Harper•San Francisco, CA

1d•$253,000 - $308,000•Onsite

About The Position

The company is experiencing rapid growth, adding approximately 1,000 customers per month and growing 100x year-over-year, scaling towards a Series B funding round. The increasing volume of AI-generated code presents scaling challenges, creating surface area, review burden, and architectural drift that mimic a much larger organization. This role is crucial for building the necessary infrastructure ('rails') to manage this AI-generated code effectively, preventing services from becoming rework traps and ensuring the CTO's vision for an efficient engineering organization is realized. The core thesis is that successful AI companies build an invisible machine of harnesses, tests, instructions, and review loops to enable small teams to operate with immense leverage.
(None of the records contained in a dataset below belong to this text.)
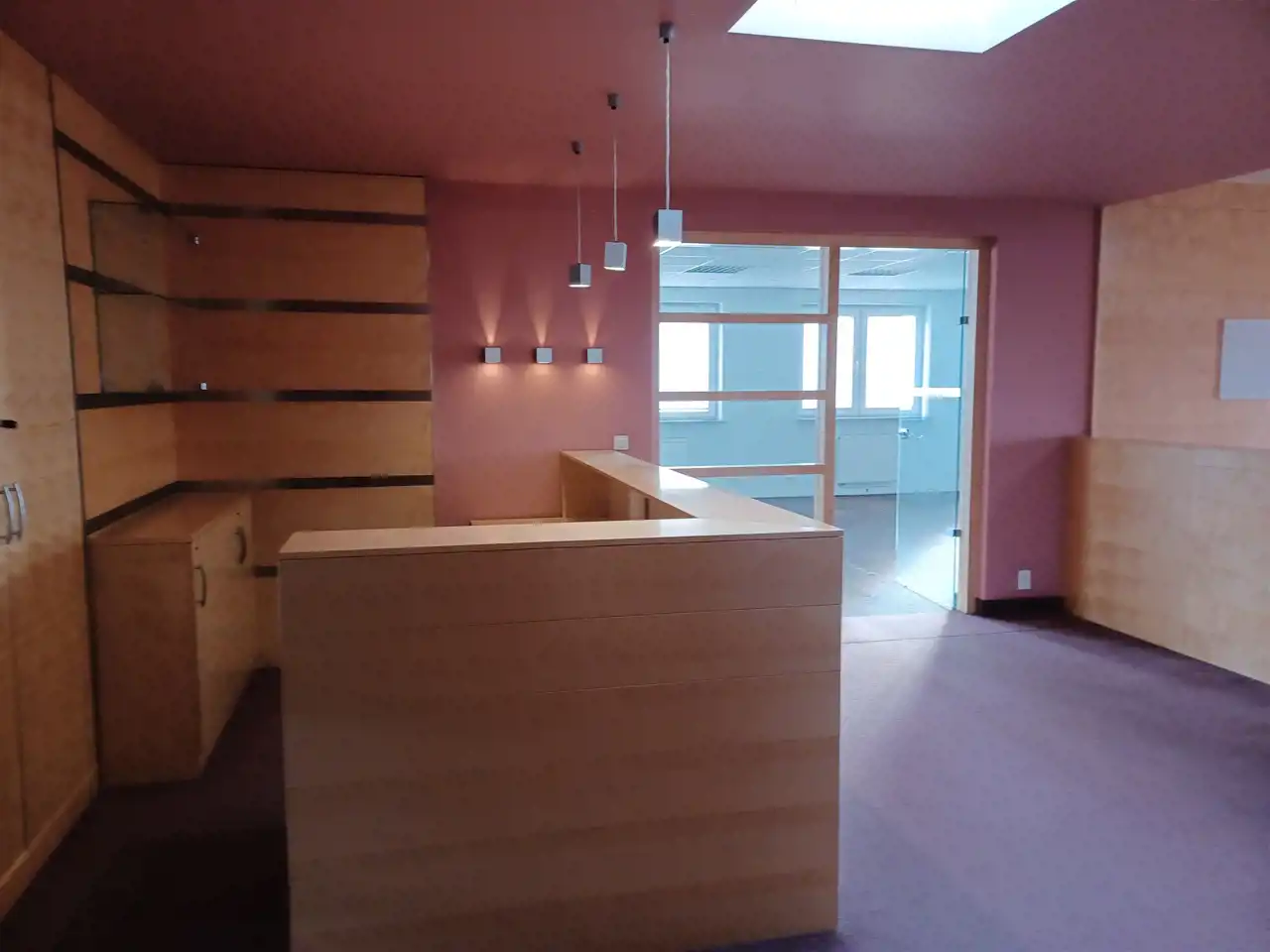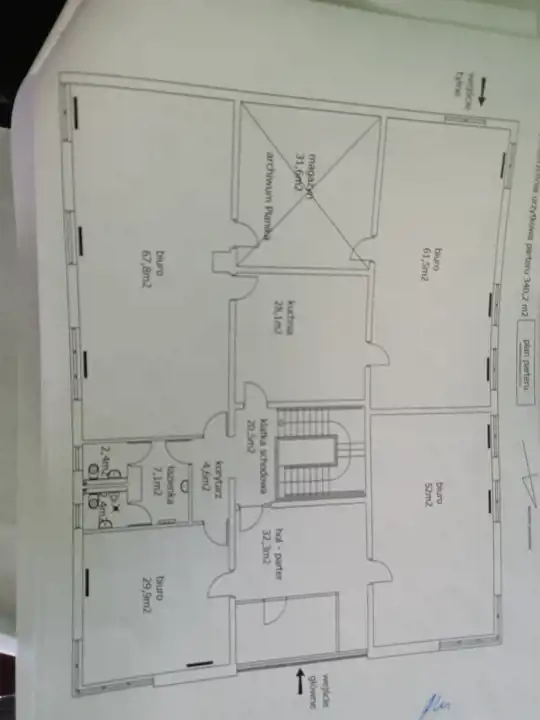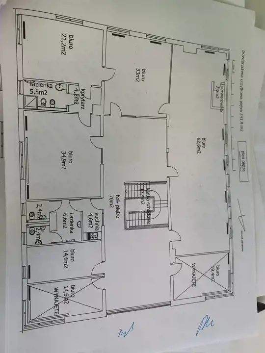 Duża (70 m2) otwarta przestrzeń z recepcją, pięć biur o powierzchni od 15- 93m2, mała kuchnia/aneks ok. 5m2 oraz łazienka 14,4 m2, razem 340 m2
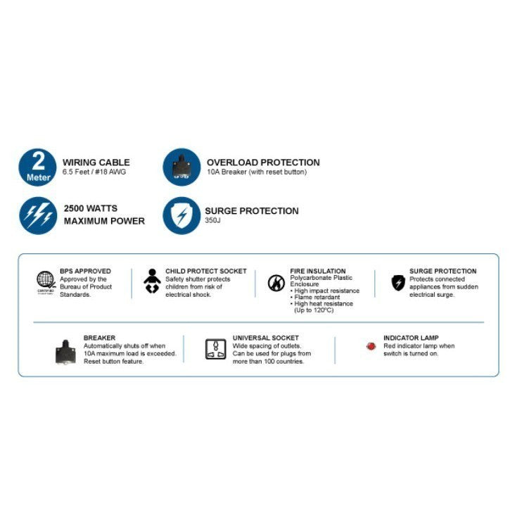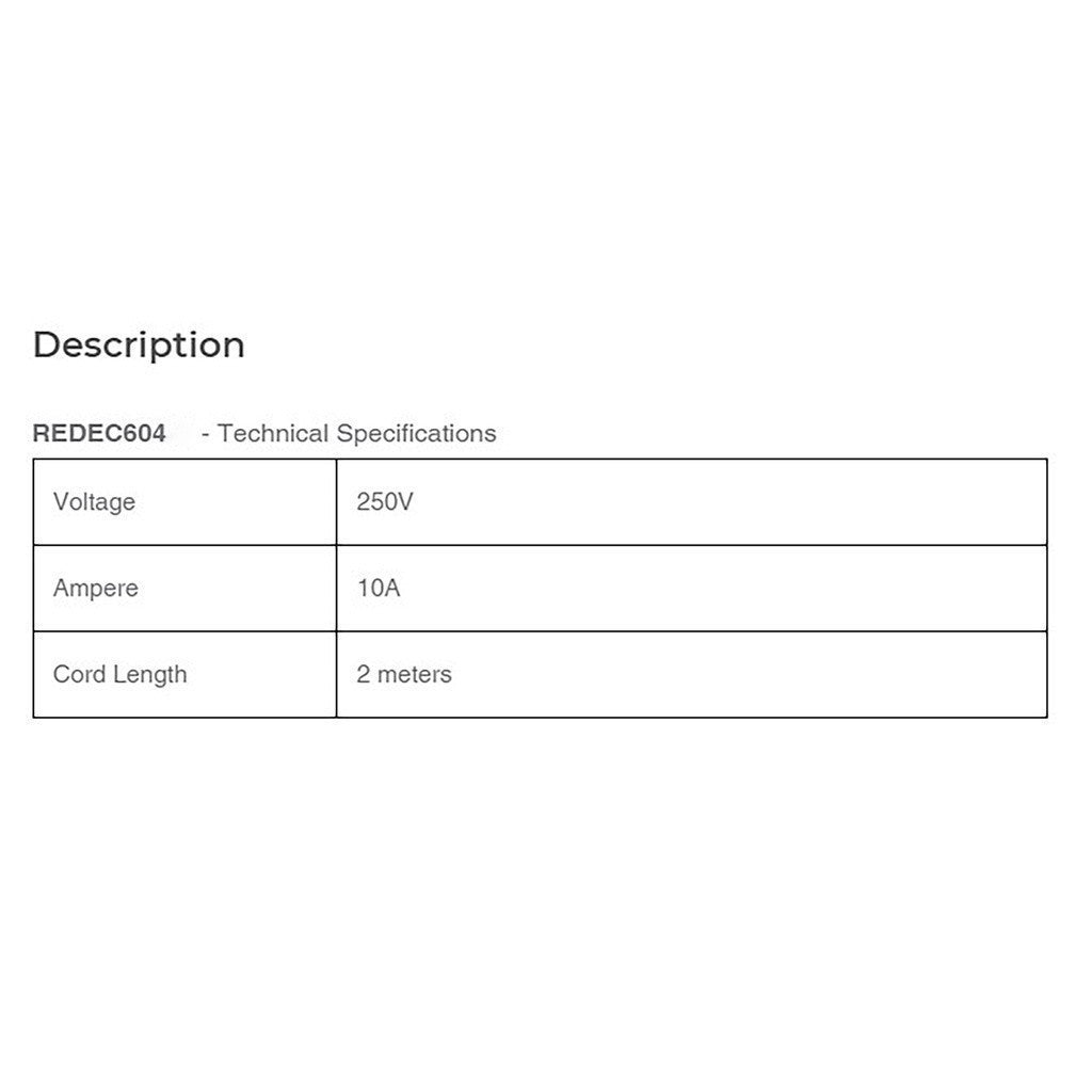 Royu 4 Outlets 2 Meter Extension Cord Cable Wire Overload & Surge Protection REDEC604
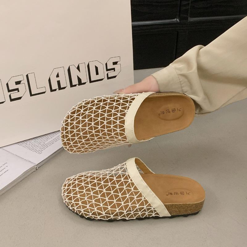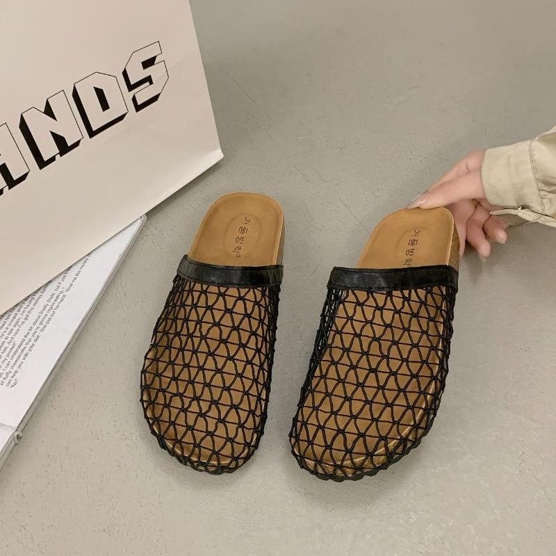 Полые плетеные полутапочки женские летние новые сетчатые сандалии сетка-рабица дышащие с закрытым носком сандалии
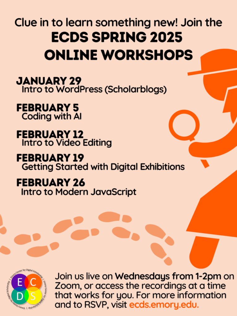 Explore some of our previous workshop offerings in the poster gallery below. Many of our workshops have been recorded and are available to Emory students, faculty, and staff. To access our current collection of recordings and materials, Emory users and affiliates can log in with their NetID here.

This position is the founding seat for that machine, responsible for translating the CTO's preferences into systems like PR preflight, integration tests, architecture rules, agent instructions, evaluation gates, and feedback loops that enhance the daily experience of every engineer. The ultimate goal is to make the correct engineering practices the easiest to follow, allowing Harper's engineering output to compound with each deployment.

Requirements

8+ years of software engineering experience, with at least 3 years at a Senior+ level in a high-growth company.
Proven track record of building developer productivity, platform, CI/CD, build systems, test infrastructure, or internal tooling that has been adopted by other engineers.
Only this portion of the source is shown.